UNITED STATES
SECURITIES AND EXCHANGE COMMISSION
Washington, D.C. 20549
FORM 8-K
CURRENT REPORT
PURSUANT TO SECTION 13 OR 15(d) OF THE
SECURITIES EXCHANGE ACT OF 1934
DATE OF REPORT (DATE OF EARLIEST EVENT REPORTED)
August 24, 2005
QUINTANA MARITIME LIMITED
(Exact name of registrant as specified in its charter)
| | | | |
Marshall Islands (State or other jurisdiction of incorporation or organization) | | 000-51412 (Commission File Number) | | 98-0453513 (IRS Employer Identification No.) |
Quintana Maritime Limited
c/o Quintana Management LLC
Pandoras 13 & Kyprou Street
166 74 Glyfada
Greece
(Address of principal executive office)
011-30-210-898-5056
(Registrant’s telephone number, including area code)
Check the appropriate box below if the Form 8-K filing is intended to simultaneously satisfy the filing obligation of the registrant under any of the following provisions:
o Written communications pursuant to Rule 425 under the Securities Act (17 CFR 230.425)
o Soliciting material pursuant to Rule 14a-12 under the Exchange Act (17 CFR 240.14a-12)
o Pre-commencement communications pursuant to Rule 14d-2(b) under the Exchange Act (17 CFR 240.14d-2(b))
o Pre-commencement communications pursuant to Rule 13e-4(c) under the Exchange Act (17 CFR 240.13e-4(c))
ITEM 1.01 Entry into a Material Definitive Agreement
On August 24, 2005, the Compensation, Nominating & Governance Committee of the Board of Directors of Quintana Maritime Limited (the “Company”) granted awards of phantom stock and restricted stock under the 2005 Stock Incentive Plan to its directors, named executive officers, and other employees and consultants.
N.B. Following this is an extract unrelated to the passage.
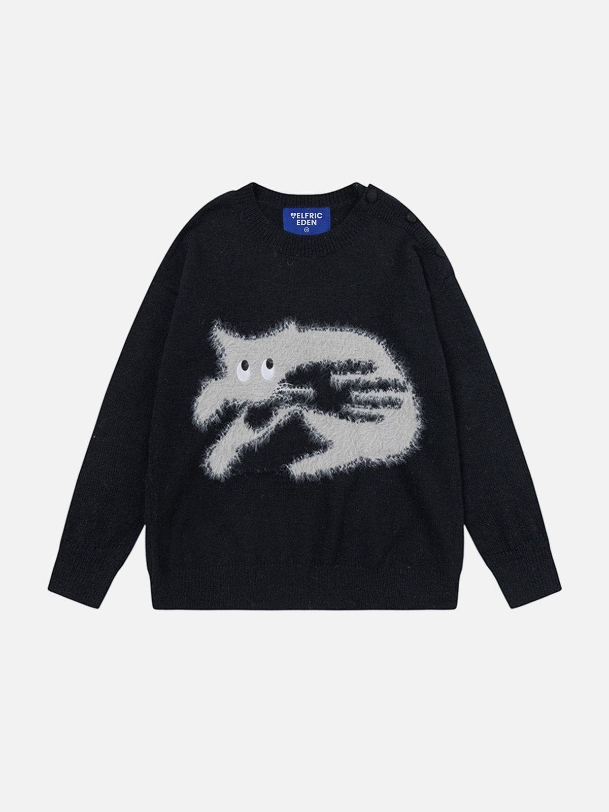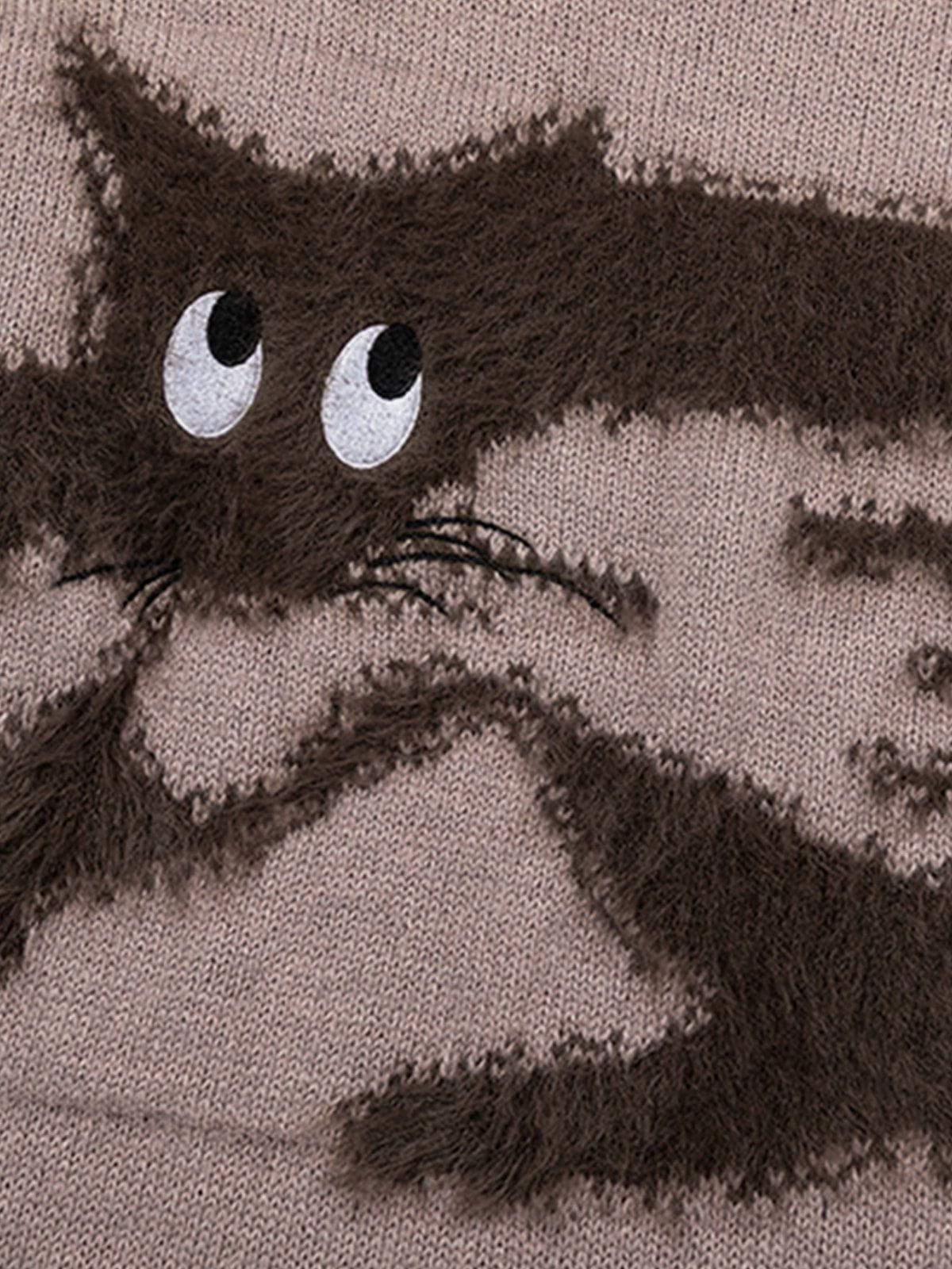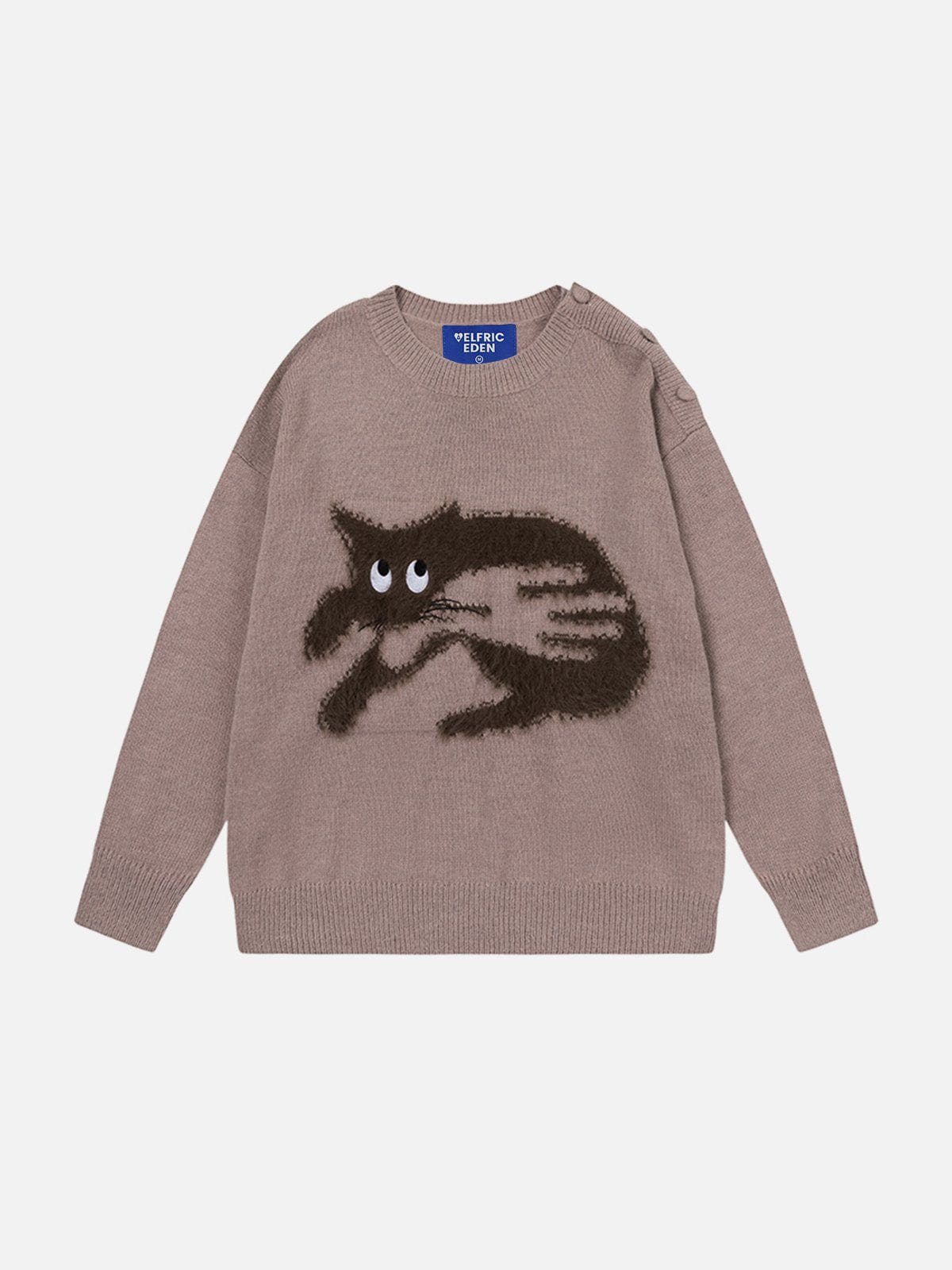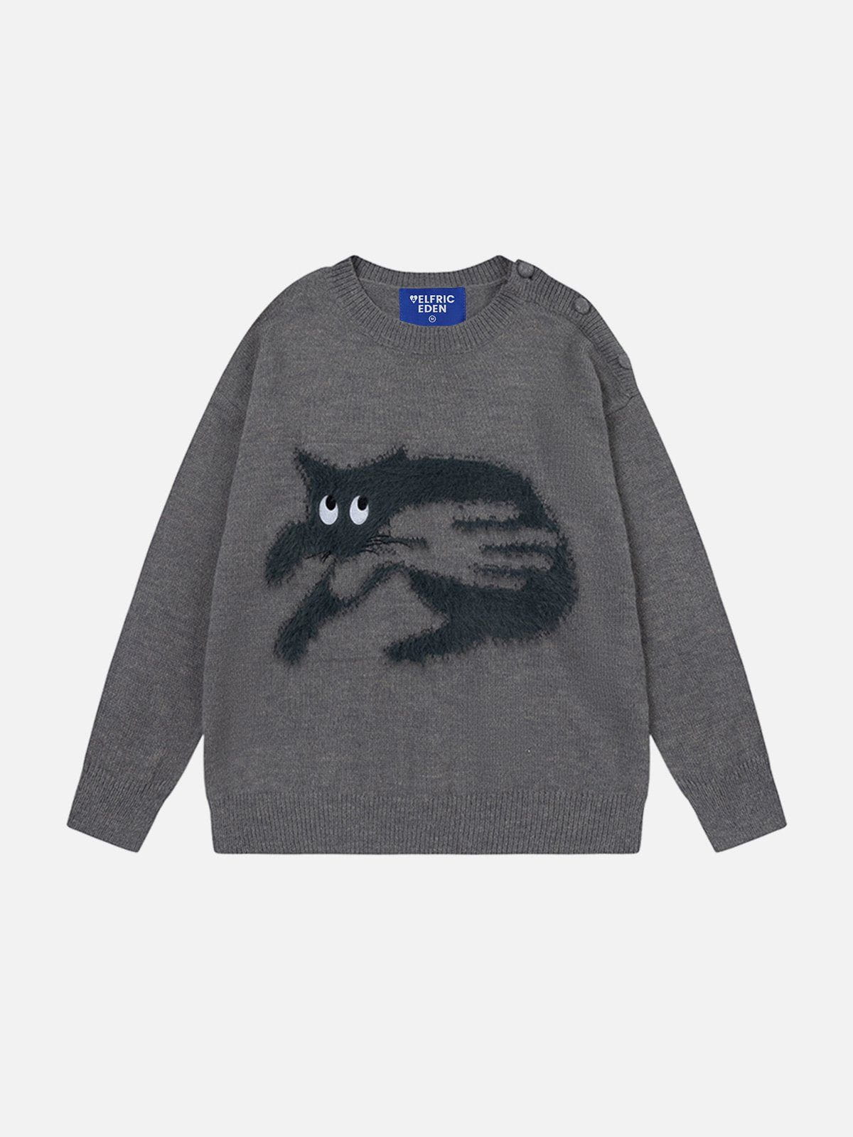 Featuring a playful cat print and textured furry design, it adds a fun and cozy touch to your look. Shoulder button detailing adds a unique element that makes it easy to match and layer.

The grants were awarded half as phantom stock and half as restricted stock and will vest between February 2006 and February 2009. The directors and named executive officers listed below received the following grants:
| | | | | | | | |
Name | | Position | | | Shares awarded |
Stamatis Molaris | | Chief Executive Officer, | | | 110,000 | |
| | President, and Director | | | | |
| | | | | | | | |
Nikos Frantzeskakis | | Chief Commercial Officer | | | 55,000 | |
| | | | | | | | |
Paul J. Cornell | | Chief Financial Officer | | | 55,000 | |
| | | | | | | | |
Steve Putman | | Vice President, General | | | 36,000 | |
| | Counsel, and Secretary | | | | |
| | | | | | | | |
Corbin J. Robertson, Jr. | | Chairman of the Board | | | 12,000 | |
| | | | | | | | |
Corbin J. Robertson III | | Director | | | 12,000 | |
| | | | | | | | |
Joseph R. Edwards | | Director | | | 12,000 | |
| | | | | | | | |
Hans J. Mende | | Director | | | 12,000 | |
| | | | | | | | |
Gurpal Singh Grewal | | Director | | | 12,000 | |
| | | | | | | | |
S. James Nelson | | Director | | | 12,000 | |
All the awards were granted under agreements substantially in the forms attached as exhibits to this Form 8-K.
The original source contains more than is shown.